The second of the intertwined issues is the CREEP problem: we keep tacking features onto this entity, some of which may not attributes in the narrow sense that attributes should be understood. By narrow, we mean the third normal form definition that each attribute depends on the key and nothing but the key. What we find is that some attributes are part of a data tuple that has a timestamp, an actor's name, a comment string, and possibly an official event or condition. This is clearly a subsidiary entity, not a cluster of related columns in the "prospect" entity.

SOLUTION

When we find MESS tables that also implement CREEP, the best solution is to properly normalize the table into a number of distinct entities. The MESS sub-species should be split apart based on the commonality of the attributes. A few optional columns can help create an intellectually manageable number of tables.

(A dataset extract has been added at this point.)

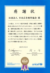 集まりました募金は目録にて、平成17年5月25日に寄付会員社リストを添え、当協会名にて、服部理事長より、(財)日本ユニセフ協会/東郷専務理事へ寄付(5月31日銀行振り込み)を行いました。

There's no reason to be overly formal and rigidly denormalize each potentially distinct sub-entity. Where entities differ markedly in attributes as well as processing, clean separate is appropriate. Where entities differ in only a few attributes and a bit of optional processing, separation isn't necessary.

The CREEP attributes are not really columns in the first place. The cluster of timestamp, actor's name, comment string, the official event or condition should be a separate "event" or "contact" fact table, with the "prospect" being a complex dimension associated with a long sequence of events. For performance reasons, a sequence of events may be aggregated into a summary attribute.

In this case, adding events, conditions, situations, and the like merely adds another kind of event to the event fact table. This is merely a row in the event-type dimension.

CONSEQUENCES

Normalizing the MESS table to separate the sub-species adds tables to the database. The new tables, however, are not as sparse. Further, the separation of data elements will tend to reduce fragmentation of the data. Updates will often be focused on a sub-entity, moving around rows in a smaller and more densely-packed tables.

Many operations will now require joins. However, measurements typically reveal that there are fewer physical data blocks with the more dense data model. Further, only the core "prospect" table has a large number of rows. The normalized design reduces the number of data blocks. The various sub-species tables that are joined in are often considerably smaller than the core table.

Many application programs will have to be rewritten to use the core table plus a sub-entity table. Generally, this is done by defining application-specific views to conceal the join and leave the original program largely unchanged, except for a rename of the original table to the view of more properly normalized tables.